E não são razões de competência de respostas mas de serviço público que estão em análise.

Aliás, facilmente se entende haver muito mais a partilhar, mesmo extravasando a área da saúde, entre Ovar e Santa Maria da Feira ou Porto, do que entre Ovar e Castelo Branco ou Marinha Grande ou Guarda (curiosamente da mesma NUTII de Ovar). 

Impõe-se, por isso, uma lógica diferenciada, pelo menos em matéria de saúde e dadas as especificidades nas respostas, que não obedeça apenas a critérios administrativos, mas que tenha como prioridades a eficiência e qualidade dos serviços a prestar.

A título de exemplo, observe-se o caso de Castelo de Paiva, que, apesar de integrar a CIM do Tâmega e Sousa, enquadrou-se com a ULS do Entre Douro e Vouga, na AMP do Porto.

Se o objetivo desta medida, e a conivência do atual executivo municipal, de passar a referenciação do Hospital de Ovar de Santa Maria da Feira para Aveiro, é a otimização e integração de cuidados, a proximidade assistencial, a autonomia de gestão, o reforço dos cuidados de saúde primários e o foco nos utentes, a referenciação de Ovar terá então de ser mais próxima. 

O desempenho das Unidades Locais de Saúde (ULS) é avaliado ao nível do acesso dos cidadãos aos cuidados de saúde, da qualidade dos seus serviços, da sua eficiência produtiva e do seu desempenho económico-financeiro.

Este acesso, proporcionado pelas ULS aos seus utentes, é analisado, ainda, numa vertente geográfica, a qual se desdobra nas dimensões da proximidade e da capacidade, e ainda numa vertente temporal.

Com a dimensão da proximidade considera-se a adequação da distribuição geográfica dos estabelecimentos à dos utentes, isto é, é considerada a distância e o tempo de viagem até aos referidos serviços. 

O que é expectável é que os utentes de uma ULS residam a uma distância considerada minimamente razoável. Ou seja, que a percentagem de habitantes que usufrui desse serviço assistencial resida até 15 minutos de viagem. Como todos já percebemos, o Hospital Infante D. Pedro não dista a 15 minutos de viagem do concelho de Ovar!

Acrescento, ainda, com base nas declarações do Sr. Presidente da Câmara Municipal de Ovar na última Assembleia Municipal (ordinária, de 16 de dezembro) de que ainda nenhuma posição se tomou sobre esta matéria.

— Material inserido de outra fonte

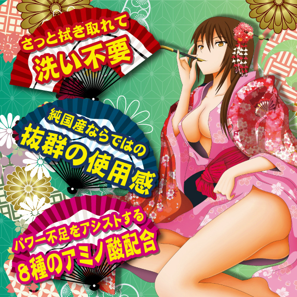 はだけた着物のキャラが色っぽい!8種類のアミノ酸で、勃起力を高める洗い不要ローション。ワンタッチで開いて注ぎやすいシャワーキャップボトルを採用!ねっとりしすぎずサラサラでもない、1番使いやすい粘度で、キミのオナニーをアシストしてくれるクリアローションです。肌への潤い効果が高く、使用後は拭き取るだけで簡単に処理できます。たっぷり600ml入り。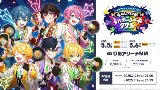 「AMPTAKxCOLORS」待望の1stフルアルバムのリリースを記念したワンマンライブが決定いたしました。初めてライブを開催した地・横浜で、過去よりもさらに大きな会場にステップアップした今回の公演は、ぴあアリーナMMでの2DAYS・全3公演という自身最大規模のワンマンライブとなります。チケットは本日より、AMPTAKxCOLORS公式ファンクラブにて最速先行受付を開始いたしました。また、今回のお知らせとともに、象徴ともいえるメガホンを持った新ビジュアルが解禁に!歌い手グループ史上最速での日本武道館公演を超満員で成功させたAMPTAKxCOLORSの次の挑戦にご期待ください!

  • Mantemos a ligação à Feira, conforme se garantiu por meio do Protocolo entre a Câmara Municipal de Ovar e o Ministério da Saúde, em 2007?
  • Ou cedemos à nova posição da Comunidade Intermunicipal de Aveiro (CIRA)? De querer transferir a população de Ovar para o Hospital de Aveiro, com o propósito de aumentar o leque de utentes, e com isso justificar uma obra de melhoramento e ampliação do Hospital de Aveiro?

Qualquer ULS deve partir das pessoas para a organização administrativa e não sobrepor lógicas e interesses administrativos com laivos de corporativismo de má memória aos interesses das pessoas. 

Ora, as pessoas e munícipes de Ovar querem e têm direito a cuidados de saúde primários de qualidade, a serviços hospitalares eficientes, a uma rede de emergência que dê respostas atempadas. 

Qualquer referenciação a Aveiro ou Coimbra não garante estes requisitos. 

E uma referenciação a Santa Maria da Feira, deve ser trabalhada nas suas diferentes vertentes, implicando múltiplos agentes e instituições na participação e definição do que se pretende para o Município de Ovar.

A bem da nossa população, pelo acesso a um sistema de Saúde mais eficaz e eficiente, é preciso ir contra a posição da CIRA do qual o nosso Presidente da CMO é Vice-Presidente, e lutar para a manutenção da referenciação do Hospital de Ovar a Santa Maria da Feira.